Why is there no $encoding parameter in htmlspecialchars_decode()?

44 views Asked by At

If we check out the documentation of the htmlspecialchars() function in PHP, we see that it has an $encoding parameter to specify the encoding of the input string.

Now, conversely, I expect the opposite htmlspecialchars_decode() function to also have an $encoding parameter. However, this is NOT the case.

I want to know why exactly is this the case. There has to be some reason for not including an $encoding parameter in htmlspecialchars_decode().

Surprisingly, there is an $encoding parameter in html_entity_decode(), so what's the point of including it in that function.

1

There are 1 answers

8
deceze On

I'd have to guess here slightly, but… htmlspecialchars_decode only decodes a small handful of characters which are all ASCII characters. So there's no need to specify the target encoding you want to decode these characters to, as they're all the same in all ASCII-compatible encodings. Now what if you wanted to decode to a non-ASCII compatible encoding? That is probably virtually never the case, and you can simply do some encoding conversion before and/or afterwards if you really needed that.

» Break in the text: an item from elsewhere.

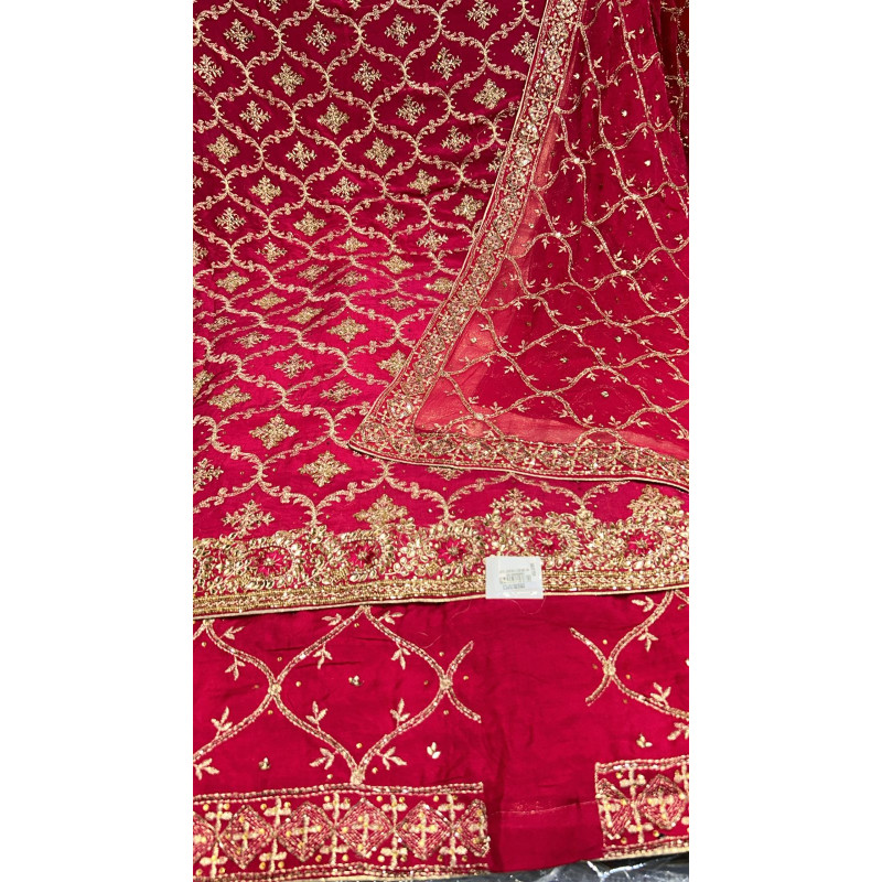 Technique: The gold work is likely Zari or Zardozi embroidery, a traditional Indian hand-embroidery technique that uses metallic thread. Given the heavy look, it may also incorporate sequins, beads, or dabka work.

PHP has always assumed ASCII for the things that matter to it and arbitrary bytes for anything else that don't matter to it, so this function has never received any unified encoding support, just as a lot of other functions haven't either.

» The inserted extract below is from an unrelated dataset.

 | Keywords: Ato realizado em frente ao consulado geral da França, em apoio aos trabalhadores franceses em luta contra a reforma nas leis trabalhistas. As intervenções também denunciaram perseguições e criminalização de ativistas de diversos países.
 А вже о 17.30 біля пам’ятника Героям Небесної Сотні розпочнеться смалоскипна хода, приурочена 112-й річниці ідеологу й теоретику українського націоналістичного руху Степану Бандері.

The functions htmlspecialchars and html_entity_decode have received this treatment at some point, as the cases where the encoding does matter are probably encountered more often with them. In the case of html_entity_decode, it decodes a wider range of characters and it does matter what encoding you decode those to.

htmlspecialchars appears to need to know the encoding to properly preserve the string's contents. I don't really understand why, as it would just need to look for certain ASCII bytes to replace, but not passing the correct encoding will garble your non-ASCII text.